Was I sorry for being the one to rescue him? That John had called me and not one of the other girls? Would it have been easier if someone else had taken my place—if I had never been the one to pull Arthur from the brink?
Or was I sorry for something else entirely?
Sorry that I couldn’t seem to define the ache growing inside me, the pull that had started as fascination but was quickly morphing into something far, far more dangerous. Sorry that I couldn’t understand why his fixation on me felt almost equal to my own fixation on him.
Two creatures, worlds apart, dipping their fingers into a current so strong it threatened to pull us under the tide.
And I was starting to wonder if I wanted to come up for air.
All I knew was that, in this moment, I had tangled myself—and this poor, beautiful creature—into a storm of confusion and frustration, and heaven help me, I wasn’t sure how to unravel it.
My voice came softer this time, barely more than a breath.
“I’m so sorry.”
* ‧̍̊˙· 𓆝.° 。˚𓆛˚。 °.𓆞 ·˙‧̍̊
Charles pulled off his blue latex gloves with a practiced flick, sending them sailing through the air before they landed neatly in the waste bin. The movement was effortless, second nature, as he busied himself with tidying up his medical tools, the clink of metal against metal filling the otherwise quiet room.

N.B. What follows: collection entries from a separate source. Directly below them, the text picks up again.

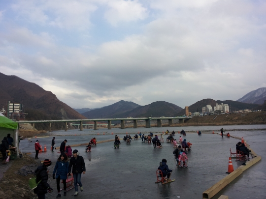 얼음썰매장에서는 전통썰매, 가족 썰매, 스노우 래프팅 등 가족이나 연인, 친구끼리 즐길 수 있는 놀거리가 펼쳐지고 별도로 마련된 눈썰매장도 축제의 재미를 더한다.
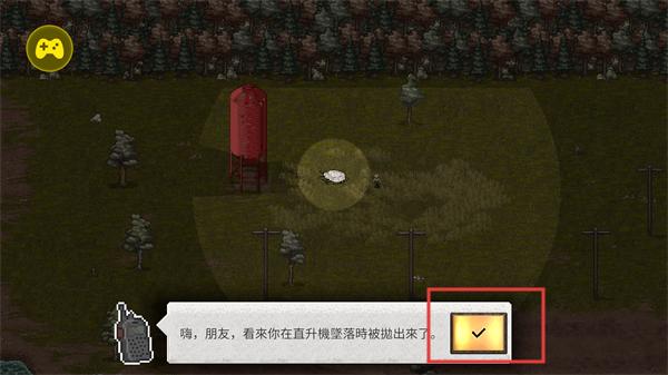 1、开局点击对勾确认对话,开启末日求生冒险,在像素风格的灾变世界中开始生存探索。
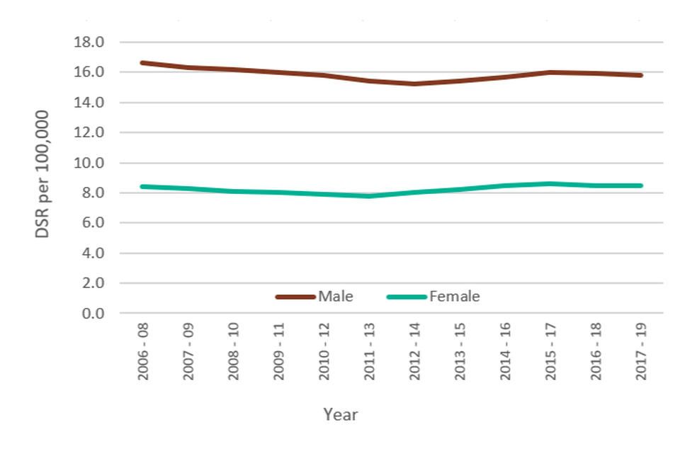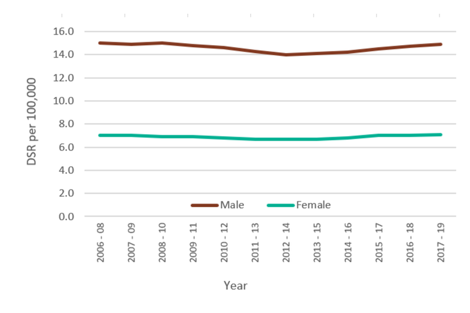The female rate (8.5 per 100,000) and the male rate (15.8 per 100,000) both showed little change in the latest period. Again, the number of deaths from chronic liver disease between 2017 and 2019 for men (12,120) was almost double the number for women (6,980).
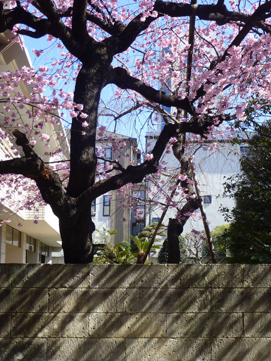 「初台の一番桜」と勝手に呼んでいる、アーキプレイスの事務所の近くの寒桜(熱海桜)が、今年もほぼ満開になりました。

“His wound is healing nicely—much faster than I expected. Though, if I had known he had accelerated healing, I probably wouldn’t have bothered with the stitches,” he chuckled, shaking his head like he still couldn’t quite believe what he was seeing.
“You did the right thing, Charles,” I reassured him, my voice softer than I intended. “He was going to bleed out if you and Lenny hadn’t done something.”
Charles hummed in agreement, but my focus had already drifted back to Arthur.
He lay stretched out on the examination table, his massive form suspended just above the water level of the pool. The setup was temporary—meant for quick assessments, not extended stays—but he looked tense, his muscles rigid beneath his slick, bioluminescent skin.
When Charles had arrived shortly after our… moment… it had taken a considerable amount of coaxing on my part to get Arthur to emerge from the shadows curling along the edges of the pool. The morning sun had shifted, casting longer streaks of light through the skylight, but Arthur had lingered in the dim corners, watching warily as Charles entered.
At first, I thought it was fear that kept him hiding, but then—I caught the subtle cues, the tiny tells I had grown so accustomed to. The way his gills fluttered unevenly, the way his tail curled slightly around himself, not in defense, but in something almost vulnerable. Embarrassment. Shame.
Guilt churned hot and thick in my stomach.
Had I ruined something between us?
He had been so open with me, so trusting, letting me touch him, explore him in a way that was undoubtedly intimate. And I—I had let my own selfish curiosity, my treacherous, hormone-addled body, lead us somewhere neither of us had been prepared for. Had I confused him? Frustrated him?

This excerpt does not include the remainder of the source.